Ausführliche Erklärung
Sonderausgaben sind Aufwendungen, die weder Werbungskosten (beruflich) noch Betriebsausgaben (Selbstständige) sind, aber trotzdem das zu versteuernde Einkommen mindern. Sie sind in §10 EStG geregelt.
**Wichtige Sonderausgaben-Kategorien**:
1. **Vorsorgeaufwendungen**:
- Beiträge zur gesetzlichen Krankenversicherung (Basis-KV-Beitrag voll absetzbar)
- Pflegeversicherung
- Arbeitslosenversicherung (begrenzt)
- Berufsunfähigkeitsversicherung (begrenzt mit anderen Vorsorgen auf 1.900 € Single / 3.800 € Paare; Selbstständige: 2.800 €)
- Renten-Versicherungs-Beiträge: bis 100 % absetzbar (2025), Höchstbetrag 2026 ca. 29.344 € Single / 58.688 € Verheiratet (gekoppelt an BBG RV 101.400 €)
2. **Riester-Beiträge**: Bis 2.100 € pro Jahr als Sonderausgabe absetzbar (zusätzlich zu Zulagen).
3. **Spenden**: An steuerbegünstigte Empfänger bis 20 % der Einkünfte. Spenden über 20 % können vorgetragen werden.
4. **Kirchensteuer**: Voll absetzbar.
5. **Kinderbetreuungskosten**: 2/3 der Kosten, max. 4.000 €/Kind/Jahr, für Kinder unter 14 Jahren (oder Kinder mit Behinderung).

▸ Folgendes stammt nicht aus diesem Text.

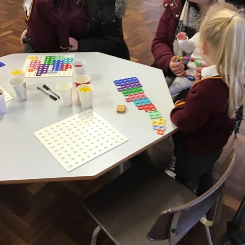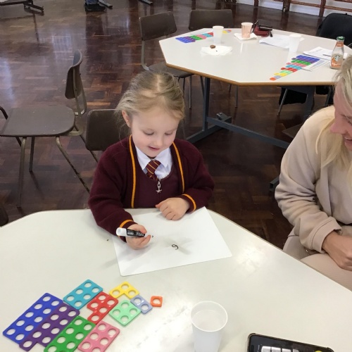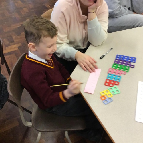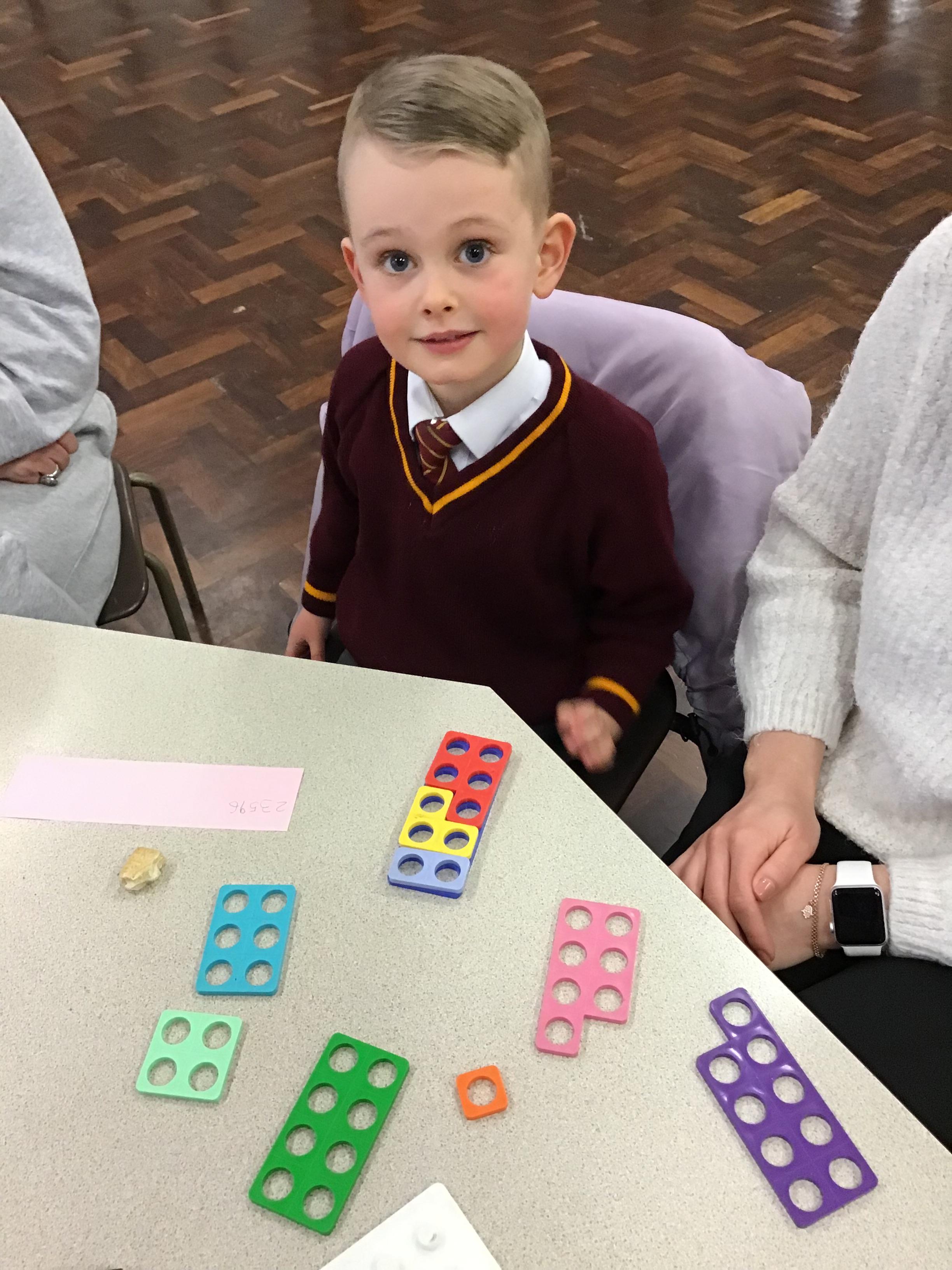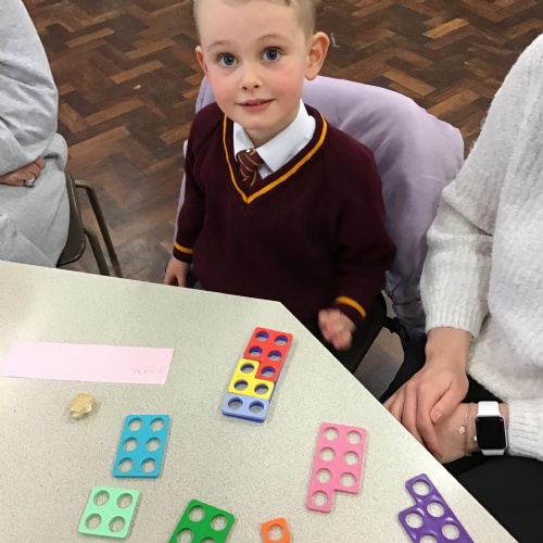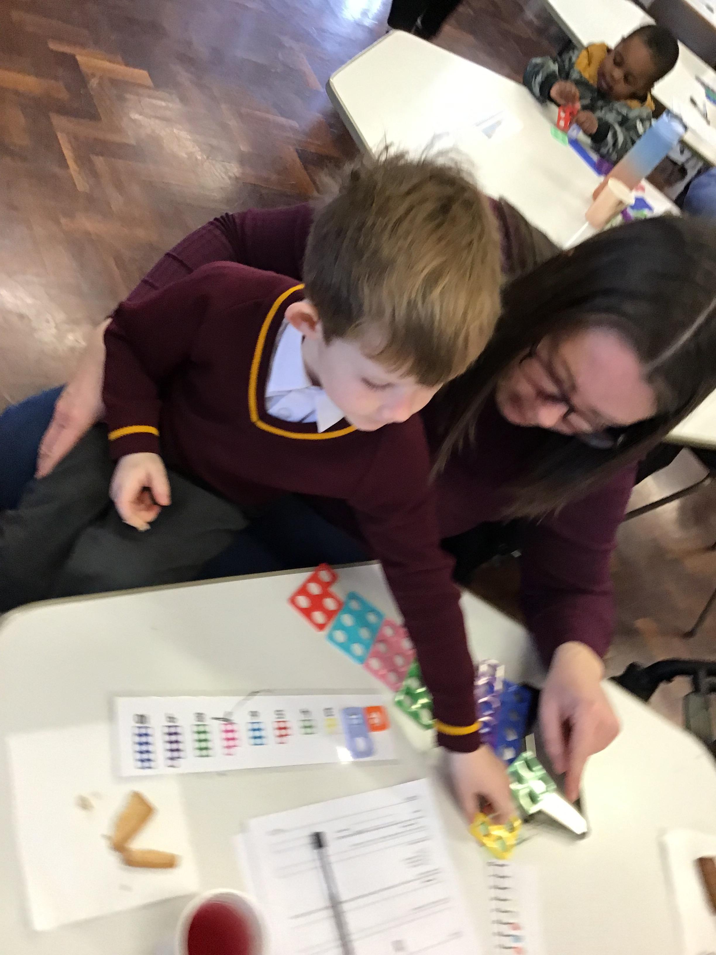 This second maths session was all about matching Numicon shapes to numerals, combining, equivalence, pattern and generalising and using Numicon to add. All the children worked extremely hard and completed some really tuff challenges.

6. **Erstausbildung / Erststudium**: Bis 6.000 €/Jahr als Sonderausgabe (nur für die erste Ausbildung; danach ggf. Werbungskosten).
7. **Schulgeld** (Privatschule): 30 % bis max. 5.000 €/Kind/Jahr.
8. **Unterhalt** an geschiedene Partner: bis 13.805 €/Jahr (mit Zustimmung des Empfängers).
**Sonderausgaben-Pauschbetrag**: 36 €/Jahr Single bzw. 72 € Verheiratete. Wer keine echten Sonderausgaben angibt, bekommt diesen Mini-Betrag automatisch.
Vorsorgeaufwendungen sind für die meisten Arbeitnehmer der größte Sonderausgaben-Block. Bei einem Bruttoeinkommen von 60.000 € und gesetzlich Versicherten: KV-Beitrag ca. 5.300 € + PV ca. 1.080 € + RV-AN-Anteil ca. 5.580 € + ALV ca. 780 € = rund 12.700 € Vorsorgeaufwendungen.
Wer Riester (2.100 €) und Berufsunfähigkeit (~1.000 €) zusätzlich nutzt, holt nochmal 2.100–3.000 € als Sonderausgaben.